* _WHAT IS NEEDED_:
Output the listing below verbatim, but drop the images.

* _MATERIAL PROVIDED_:

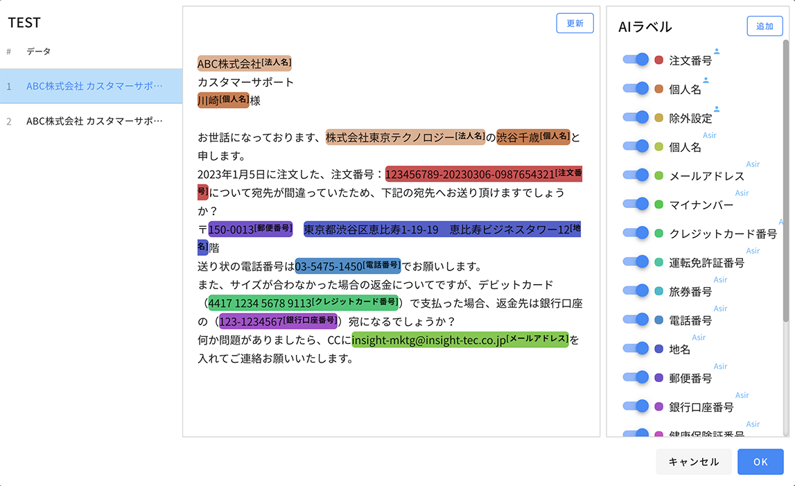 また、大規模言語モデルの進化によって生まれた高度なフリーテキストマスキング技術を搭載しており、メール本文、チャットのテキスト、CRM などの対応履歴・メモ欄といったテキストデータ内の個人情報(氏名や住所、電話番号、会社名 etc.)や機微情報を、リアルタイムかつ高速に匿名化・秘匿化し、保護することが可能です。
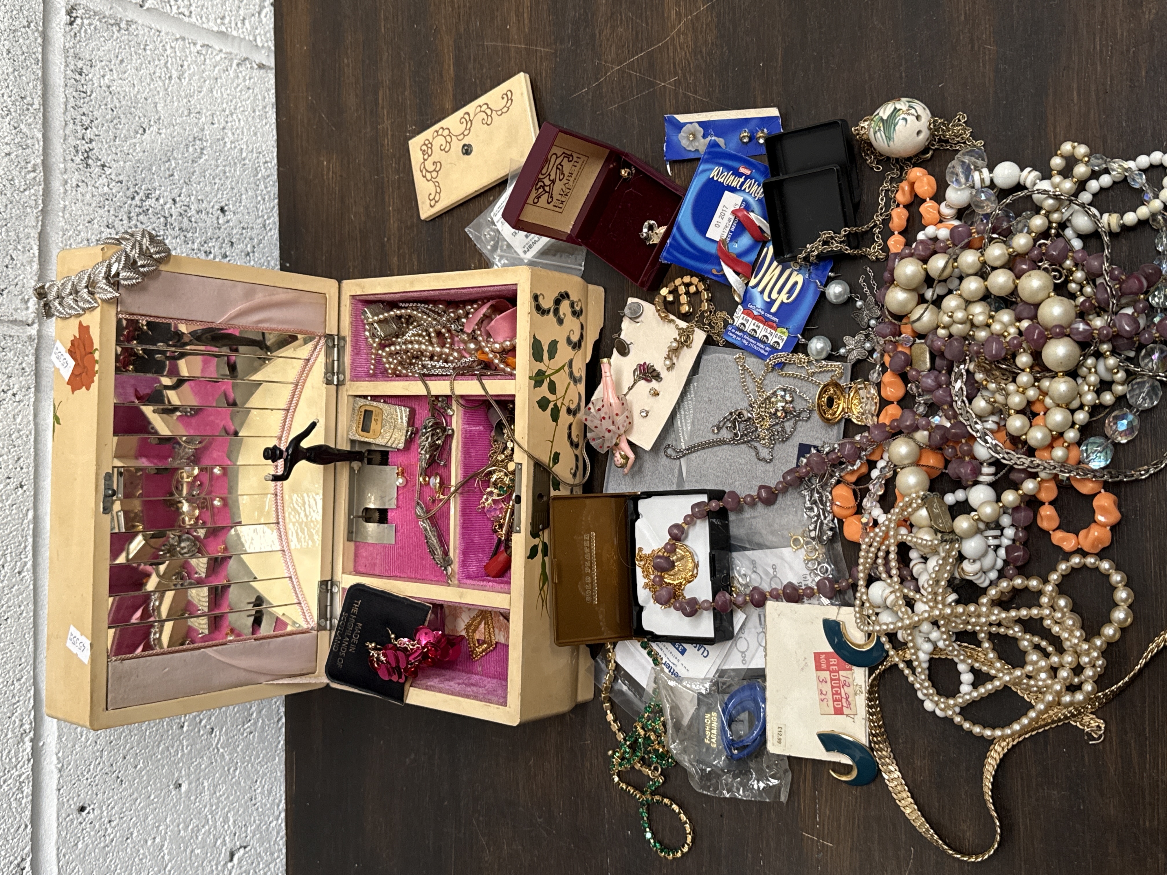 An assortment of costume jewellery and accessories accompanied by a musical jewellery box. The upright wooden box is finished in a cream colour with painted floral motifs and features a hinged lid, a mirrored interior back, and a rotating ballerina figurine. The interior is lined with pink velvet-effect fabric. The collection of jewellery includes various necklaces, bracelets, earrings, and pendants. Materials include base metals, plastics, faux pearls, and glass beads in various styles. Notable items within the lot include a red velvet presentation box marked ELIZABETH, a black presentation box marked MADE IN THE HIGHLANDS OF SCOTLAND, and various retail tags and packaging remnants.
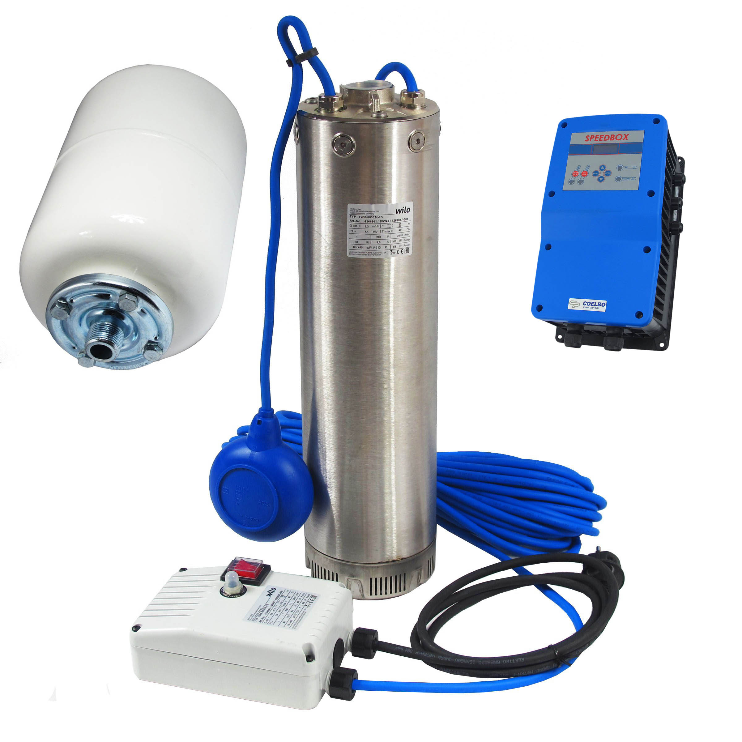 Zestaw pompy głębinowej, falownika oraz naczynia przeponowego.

* _RESULT BELOW_:
 また、大規模言語モデルの進化によって生まれた高度なフリーテキストマスキング技術を搭載しており、メール本文、チャットのテキスト、CRM などの対応履歴・メモ欄といったテキストデータ内の個人情報(氏名や住所、電話番号、会社名 etc.)や機微情報を、リアルタイムかつ高速に匿名化・秘匿化し、保護することが可能です。
 An assortment of costume jewellery and accessories accompanied by a musical jewellery box. The upright wooden box is finished in a cream colour with painted floral motifs and features a hinged lid, a mirrored interior back, and a rotating ballerina figurine. The interior is lined with pink velvet-effect fabric. The collection of jewellery includes various necklaces, bracelets, earrings, and pendants. Materials include base metals, plastics, faux pearls, and glass beads in various styles. Notable items within the lot include a red velvet presentation box marked ELIZABETH, a black presentation box marked MADE IN THE HIGHLANDS OF SCOTLAND, and various retail tags and packaging remnants.
 Zestaw pompy głębinowej, falownika oraz naczynia przeponowego.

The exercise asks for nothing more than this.